Researchers find protein works as motor

By MELANIE LUTZ
Collegian Science Writer

Penn State researchers have proven how one protein works as a motor, carrying chemicals produced by nerve cells to their release sites on the cell surface.

Kenneth A. Johnson, Paul Berg Professor of biochemistry, said the protein, called kinesin, works like feet that carry little packages to the tips of nerves. His research was published in the journal, Nature, last Thursday.

Johnson explained that when a person thinks about moving a body part -- for example, an arm -- little packages containing neurotransmitters and other chemicals produced by the nerve cells are already sitting at the nerve tips, waiting for an electrical impulse to trigger the nerves and cause the arm to move.

Those packages were carried to the nerve tips along microtubule filaments that are strung through the long arm of nerve cells. The membrane packages were carried along the microtubules by kinesin. The nerve fibers that kinesin travels along can sometimes be up to a meter long, Johnson said.
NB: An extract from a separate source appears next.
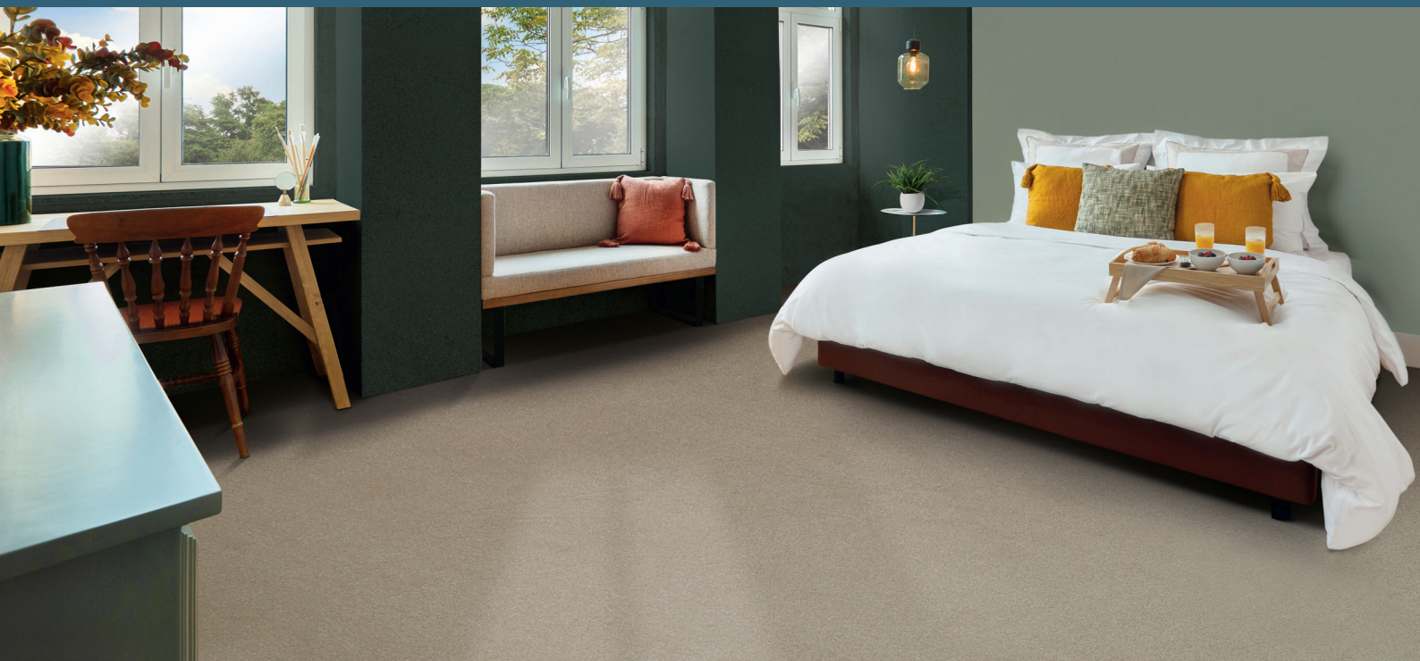
▲ 640 - Frosted Dawn

Susan P. Gilbert, assistant professor of biological science at the University of Pittsburgh who worked on the research as a post-doctoral candidate at Penn State, explained that kinesin walks the length of the microtubule while pulling along the membrane package. Just as legs are permanently attached to a body, the kinesin is permanently attached to the package, she said.

Kinesin is also involved in nerve regeneration, bringing new membrane material to the tips of nerves so they can grow, Johnson said. Because it helps the regeneration, it may also be involved with diseases caused by the degeneration of nerve cells, such as Parkinson's and Lou Gehrig's diseases.

By measuring reactions on time scales of thousandths of a second, Johnson found how kinesin works to transport the membrane packages.

The kinesin molecule looks like two balls attached by strings that are twisted together, and it is anchored to the membrane package.

Johnson examined the way the round head structures of kinesin interacted with the microtubules and the compound ATP, a molecule used to store energy. The heads move in a "hand-over-hand motion," crossing over each other. They bind and then unbind to the surface of the microtubule, like feet taking steps. The microtubule surface is like a ladder, so the heads of kinesin can only bind to the surface at certain points, he said.

At the same time this binding process occurs, ATP breaks down to form its product pieces. The energy released from this breakdown is converted to energy used by kinesin to transport the membrane packages, Johnson said.

"The binding of the head and molecule is coupled to the binding of ATP hydrolysis," he said.

Gilbert said kinesin is the first cytoplasmic motor whose mechanism has been determined. Johnson said about 20 other cellular motors exist, but their functions are not known. He said it may be possible that one motor is involved in chromosome movement for cell division and another may be involved in the secretion of insulin.

Johnson's research has shown how chemical energy was converted to cause a force of movement. This basic understanding of how one motor works may lead to understanding how the other motors work, he said.